Data items
+ + +

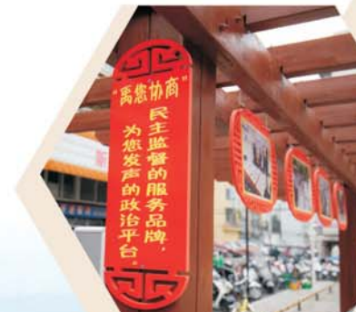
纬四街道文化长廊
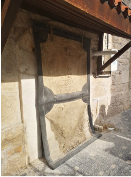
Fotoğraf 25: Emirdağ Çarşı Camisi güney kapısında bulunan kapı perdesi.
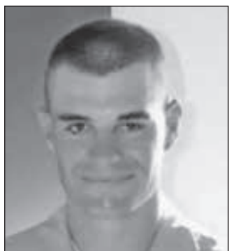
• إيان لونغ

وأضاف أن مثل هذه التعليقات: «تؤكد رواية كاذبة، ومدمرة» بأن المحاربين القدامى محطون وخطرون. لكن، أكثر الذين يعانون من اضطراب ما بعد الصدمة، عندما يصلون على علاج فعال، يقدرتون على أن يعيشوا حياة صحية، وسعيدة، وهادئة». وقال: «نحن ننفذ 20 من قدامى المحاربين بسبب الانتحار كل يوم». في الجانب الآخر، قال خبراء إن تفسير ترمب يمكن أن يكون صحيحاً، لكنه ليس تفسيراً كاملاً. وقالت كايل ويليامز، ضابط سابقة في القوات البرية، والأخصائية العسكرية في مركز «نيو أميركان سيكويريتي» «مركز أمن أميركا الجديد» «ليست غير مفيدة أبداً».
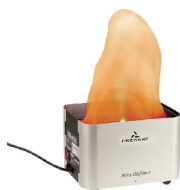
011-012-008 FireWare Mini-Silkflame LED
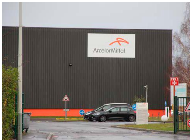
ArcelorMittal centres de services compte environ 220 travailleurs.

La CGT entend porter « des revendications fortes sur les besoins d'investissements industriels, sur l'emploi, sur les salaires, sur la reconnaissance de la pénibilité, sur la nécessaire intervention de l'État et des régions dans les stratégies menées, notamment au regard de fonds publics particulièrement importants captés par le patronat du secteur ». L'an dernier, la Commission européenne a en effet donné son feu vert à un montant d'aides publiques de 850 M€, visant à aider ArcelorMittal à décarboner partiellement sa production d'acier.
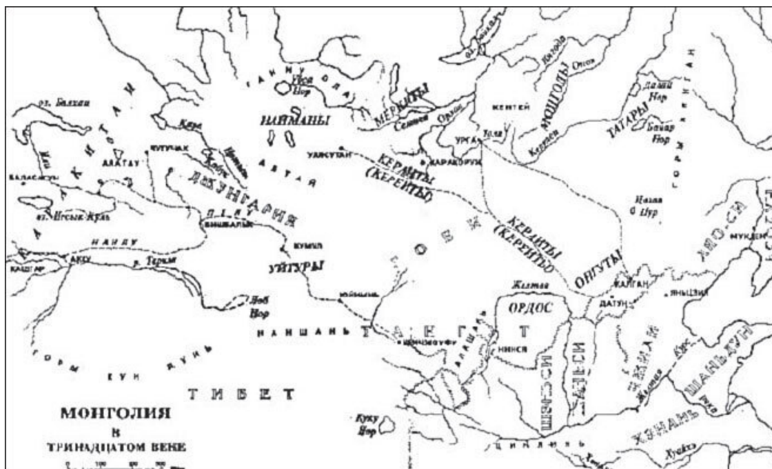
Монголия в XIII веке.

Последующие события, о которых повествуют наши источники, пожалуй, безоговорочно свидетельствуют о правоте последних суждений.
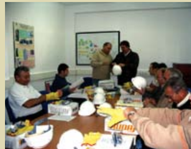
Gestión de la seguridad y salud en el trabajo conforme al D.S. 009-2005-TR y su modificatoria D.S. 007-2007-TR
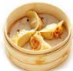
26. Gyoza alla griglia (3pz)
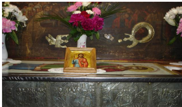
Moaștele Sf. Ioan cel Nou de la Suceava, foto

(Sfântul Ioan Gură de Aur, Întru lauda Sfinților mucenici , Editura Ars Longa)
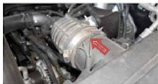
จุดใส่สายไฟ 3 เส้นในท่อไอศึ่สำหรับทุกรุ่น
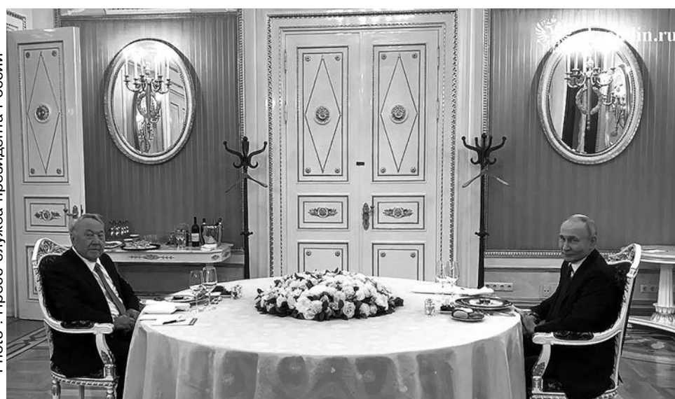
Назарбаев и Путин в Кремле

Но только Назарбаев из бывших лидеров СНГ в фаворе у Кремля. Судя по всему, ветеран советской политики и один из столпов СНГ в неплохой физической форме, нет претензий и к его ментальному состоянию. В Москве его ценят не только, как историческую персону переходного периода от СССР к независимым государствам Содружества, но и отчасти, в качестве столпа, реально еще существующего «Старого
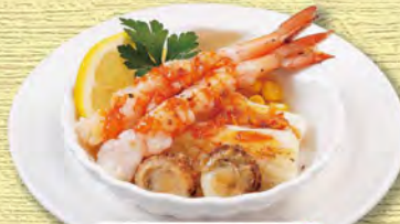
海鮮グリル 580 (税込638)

+ + +

*Exercise aim*: Each line above that includes the word "Ioan" is to be copied.

*Solution*:
Moaștele Sf. Ioan cel Nou de la Suceava, foto
(Sfântul Ioan Gură de Aur, Întru lauda Sfinților mucenici , Editura Ars Longa)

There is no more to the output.